=== Source material ===

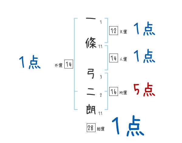 一條弓二朗さんの画数の鑑定結果
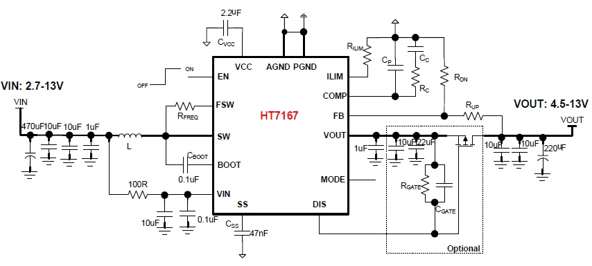 HT71672是一款高功率、全集成升壓轉(zhuǎn)換器,輸入電壓范圍VIN:2.7V-13V ;輸出電壓范圍VOUT:4.5V-13V ;可編程峰值電流:12A |
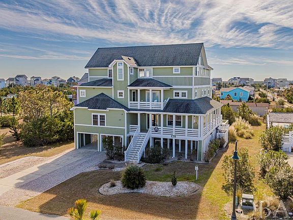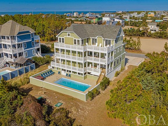 Experience bliss in this grand 5,300 square foot home located only 3 lots from the oceanfront in the premier Hattie Creef Landing Subdivision in Salvo. With its wide and uncrowded beaches, as well as its easy access to the Pamlico Sound. This popular destination is known for fishing, kiteboarding, windsurfing, SUP and kayaking, and surfing. The ground level has great parking, an under-house elevator entry, storage, outdoor showers, and a concrete pool with a hot tub. The first-level game room has features Ping-Pong table, a kitchenette, deck access, and a nearby half bath. A theatre room with seating for six has an ice maker and a wine fridge. Both bedrooms share a full bath with a shower. On level two, there is a third bedroom with deck access and shares a full bath featuring a huge tiled shower with the fourth bedroom. There is an office on this floor and the fifth bedroom has a bath with a tub/shower and deck access. The top floor great room has cathedral ceilings, pinewood floors, a half bath, professional decorations, an entertainment center with a flatscreen TV, a gas fireplace, and south-facing sundeck access where you'll have views of the ocean and sound. The tiled kitchen has stainless steel appliances. The primary bedroom has large bath with a shower. Guests love the house and the new owner will too. Topping $99,000 in owner gross income for 2022 and over $32K for 2023 this is an easy choice! You will surely appreciate the work put into making this one of the island's best opportunities in turn key condition.
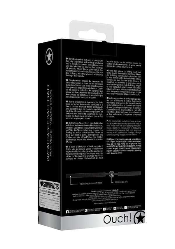 Adjustable Breathable GagNeem de controle met de Ouch! ademende Ball Gag. Maak de ball gag eenvoudig vast met de volledig verstelbare klittenbandsluiting en de mond van je sub wordt geïmmobiliseerd totdat je besluit dat ze het voorrecht van spreken hebben verdiend. Wanneer de gemoederen verhit raken, zorgen de gaten rond het oppervlak van de holle ball gag ervoor dat je sub door zijn mond en neus kan ademen. Perfect voor beginners of voor intense scènes die je Sub buiten adem kunnen laten, deze ball gag is een must voor elke goed uitgeruste gear bag of dungeon wall.
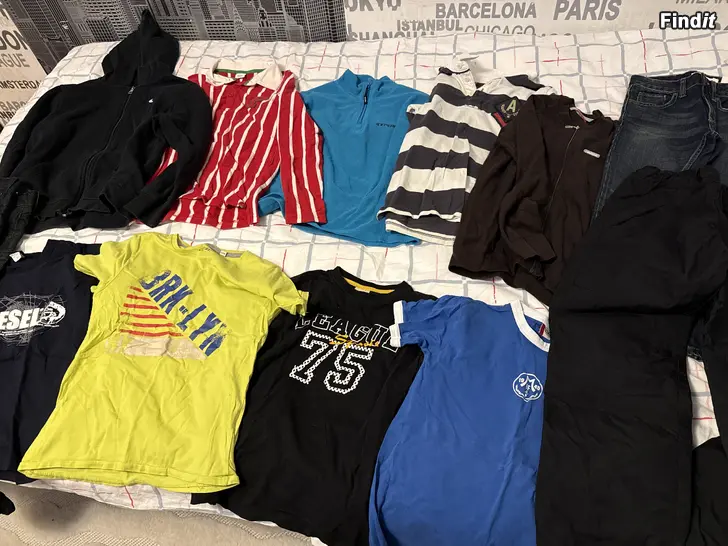 Bunt med pojkkläder, mest storlek 140… kläderna är hela och rena.
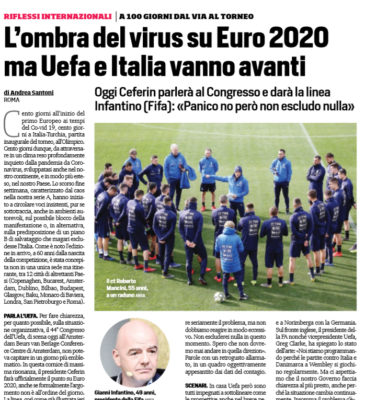 L'edizione odierna del "Corriere dello Sport" si sofferma sulle ombre attorno a Euro 2020, a causa dell'allarme Coronavirus. Mancano cento...

===

Transcribe the material above word for word; images do not belong in the copy.

 一條弓二朗さんの画数の鑑定結果
 HT71672是一款高功率、全集成升壓轉(zhuǎn)換器,輸入電壓范圍VIN:2.7V-13V ;輸出電壓范圍VOUT:4.5V-13V ;可編程峰值電流:12A |
 Experience bliss in this grand 5,300 square foot home located only 3 lots from the oceanfront in the premier Hattie Creef Landing Subdivision in Salvo. With its wide and uncrowded beaches, as well as its easy access to the Pamlico Sound. This popular destination is known for fishing, kiteboarding, windsurfing, SUP and kayaking, and surfing. The ground level has great parking, an under-house elevator entry, storage, outdoor showers, and a concrete pool with a hot tub. The first-level game room has features Ping-Pong table, a kitchenette, deck access, and a nearby half bath. A theatre room with seating for six has an ice maker and a wine fridge. Both bedrooms share a full bath with a shower. On level two, there is a third bedroom with deck access and shares a full bath featuring a huge tiled shower with the fourth bedroom. There is an office on this floor and the fifth bedroom has a bath with a tub/shower and deck access. The top floor great room has cathedral ceilings, pinewood floors, a half bath, professional decorations, an entertainment center with a flatscreen TV, a gas fireplace, and south-facing sundeck access where you'll have views of the ocean and sound. The tiled kitchen has stainless steel appliances. The primary bedroom has large bath with a shower. Guests love the house and the new owner will too. Topping $99,000 in owner gross income for 2022 and over $32K for 2023 this is an easy choice! You will surely appreciate the work put into making this one of the island's best opportunities in turn key condition.
 Adjustable Breathable GagNeem de controle met de Ouch! ademende Ball Gag. Maak de ball gag eenvoudig vast met de volledig verstelbare klittenbandsluiting en de mond van je sub wordt geïmmobiliseerd totdat je besluit dat ze het voorrecht van spreken hebben verdiend. Wanneer de gemoederen verhit raken, zorgen de gaten rond het oppervlak van de holle ball gag ervoor dat je sub door zijn mond en neus kan ademen. Perfect voor beginners of voor intense scènes die je Sub buiten adem kunnen laten, deze ball gag is een must voor elke goed uitgeruste gear bag of dungeon wall.
 Bunt med pojkkläder, mest storlek 140… kläderna är hela och rena.
 L'edizione odierna del "Corriere dello Sport" si sofferma sulle ombre attorno a Euro 2020, a causa dell'allarme Coronavirus. Mancano cento...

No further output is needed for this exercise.